One can’t help but wonder where we would be without that Government guarantee scheme? How odd might it be, right now, to be looking at a mortgage market which was offering sub-1% five-year fixes to borrowers who had 40% deposit/equity, but not have anything more than a handful of products for those with 5%?

Perhaps we would not have been in that situation? Perhaps a number of lenders would have recognised that, even without Government backing, there was a market to be targeted and they could use private mortgage insurance as a risk mitigant or they could simply place that risk on their balance sheet?

A number of commentators have suggested the 95% LTV mortgage market was likely to have come back, in some way, shape or form, anyway, but I’m not so certain we’d be talking about some kind of renaissance in this type of lending without that Government scheme.

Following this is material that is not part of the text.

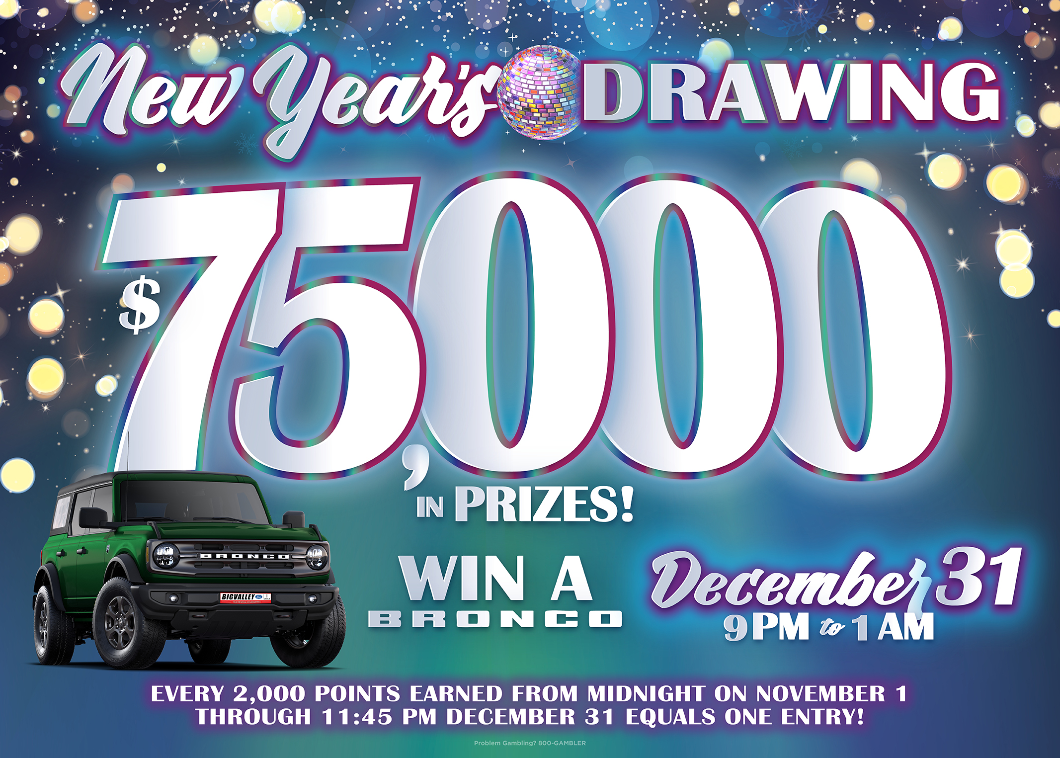 Every 2,000 points earned from midnight on November 1 through 11:45 p.m. December 31 will earn one physical ticket entry into our $75,000 New Year’s Eve Drawing! There are no limits on how many entries you can earn! Winners are drawn every 30 minutes, with one lucky player winning a BRAND NEW FORD BRONCO at midnight!

Indeed, looking at the numbers, I don’t think we can say it’s a renaissance or resurgence just yet anyway. Product numbers have undoubtedly improved considerably over the past five months but carry out a little digging and you’ll see they are still some way short of what was the market norm back prior to the pandemic.

Using the latest Halifax average UK house price of £261,221 and for first-timers putting down a 5% deposit, we (at the time of writing) have 171 products available. A huge improvement on the handful available at the start of the year – which all required parental support – but still some way shy of the 273 products which were still available in March 2020, just days before the first lockdown was introduced.

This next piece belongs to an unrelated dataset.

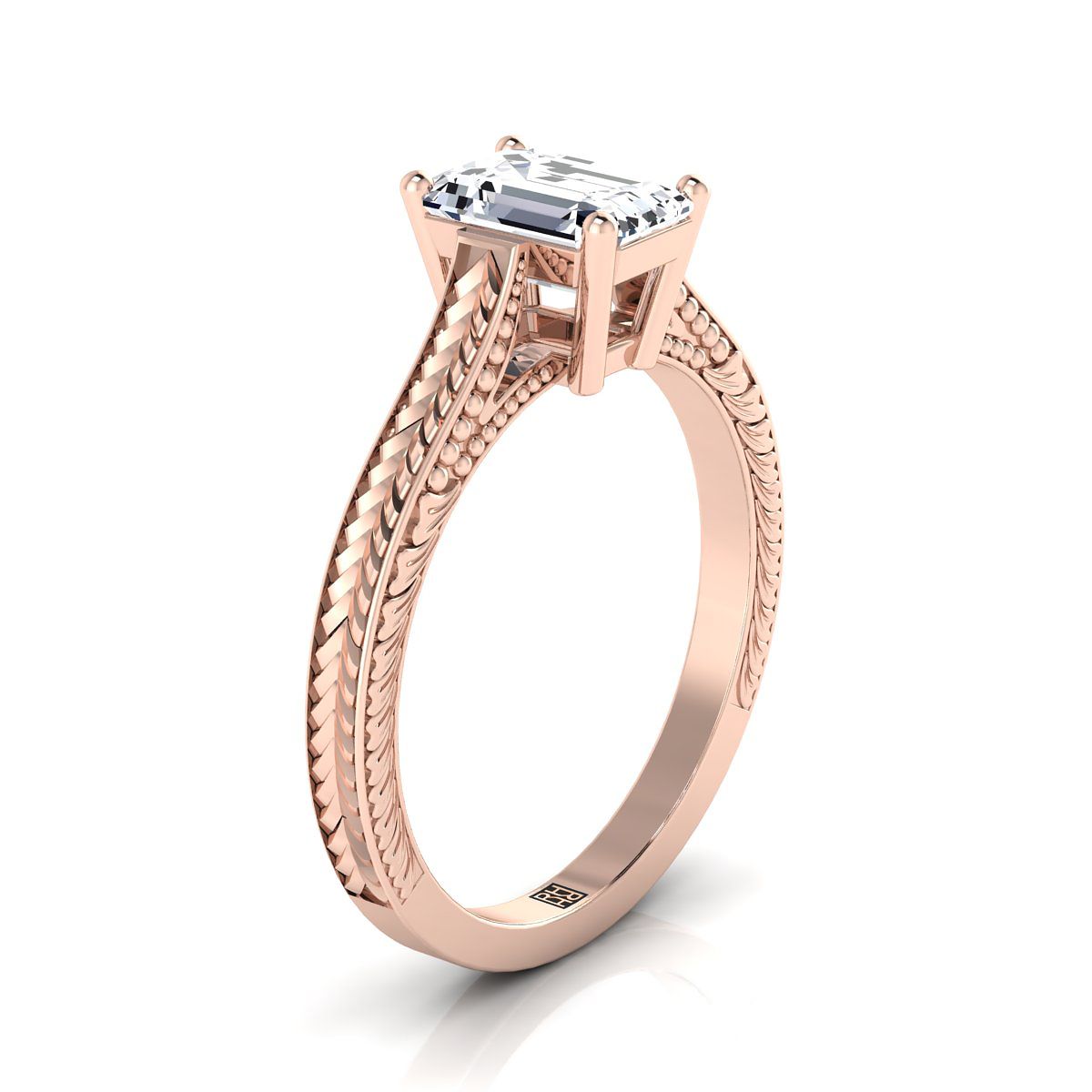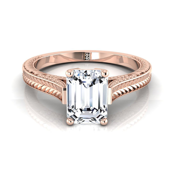 ความสง่างามที่เรียบง่าย แหวนหมั้นเพชรทรงเอมเมอรัลด์นี้นำเสนอการออกแบบที่ได้รับแรงบันดาลใจจากของเก่าที่มีลวดลายสลัก พร้อมการตกแต่งแบบมิลล์เกรนคลาสสิกในทองกุหลาบ 14k

And while the rates on offer to 95% LTV borrowers have undoubtedly shifted downwards in light of the greater levels of competition – you can get a two-year discount for 2.39%, a two-year fix at 2.95% and a five-year fix at 3.18% - they are still somewhat shy of what can be accessed with just 5% more.

Looking at the same house price, with a 10% deposit, first-timers can access 407 products – a two-year discount is available at 2.1%, a two-year fix at 2.13%, and a five-year fix at 2.73%.

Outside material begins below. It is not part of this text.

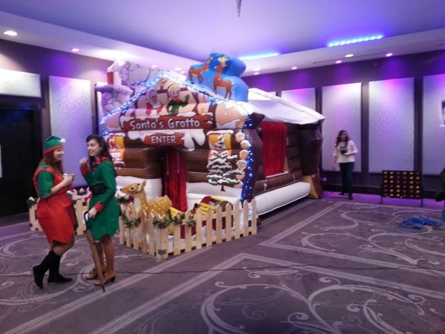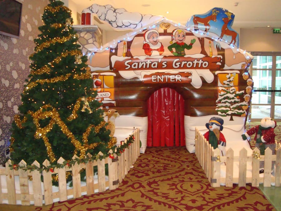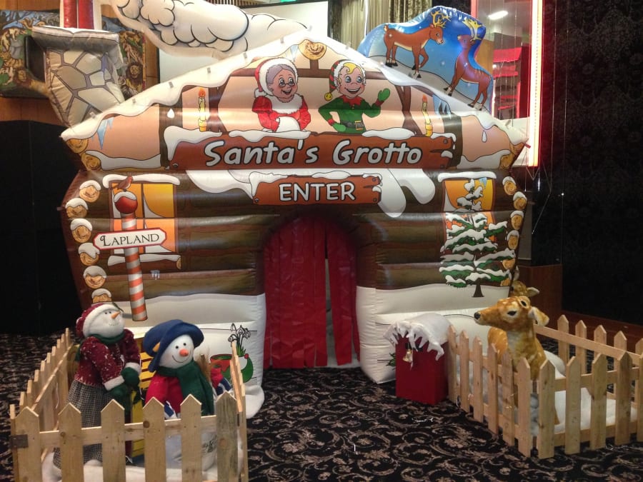 box, his miniature sleigh and Santa's couch. Perfect Pop Up Santa Grotto

Of course, rate is not everything in this space and product fees would need to be taking into account, but you can see that there is far greater choice for 90% LTV borrowers and we still don’t have parity in terms of lenders active in both 90% and 95% LTV product spaces.

So, while it’s been heartening to see greater product choice, there is still more to be done in order to provide low-deposit borrowers with a similar level of choice to those of their higher-deposit counterparts. Indeed, when we get back to some sort of pre-pandemic product number parity, we might well be able to say that the industry has truly grasped the nettle and responded as it should.

In the meantime, it’s also important to plan for a future when ‘State aid’ is not required to either act as a catalyst for high LTV mortgages, or to keep it going. The Government scheme is – in the grand scheme of things – not here for a very long time and, without putting down its huge influence, it would be a positive to see more and more lenders coming to market without needing to use it.

After all, as mentioned, there are more flexible and cheaper private options available, if they need that insurance (as many lenders do) in order to feel confident in producing and developing their high LTV offering. We need this market to be sustainable for both the short- and long-term, otherwise the hopes of a new generation of potential homebuyers are going to be set back time and time again.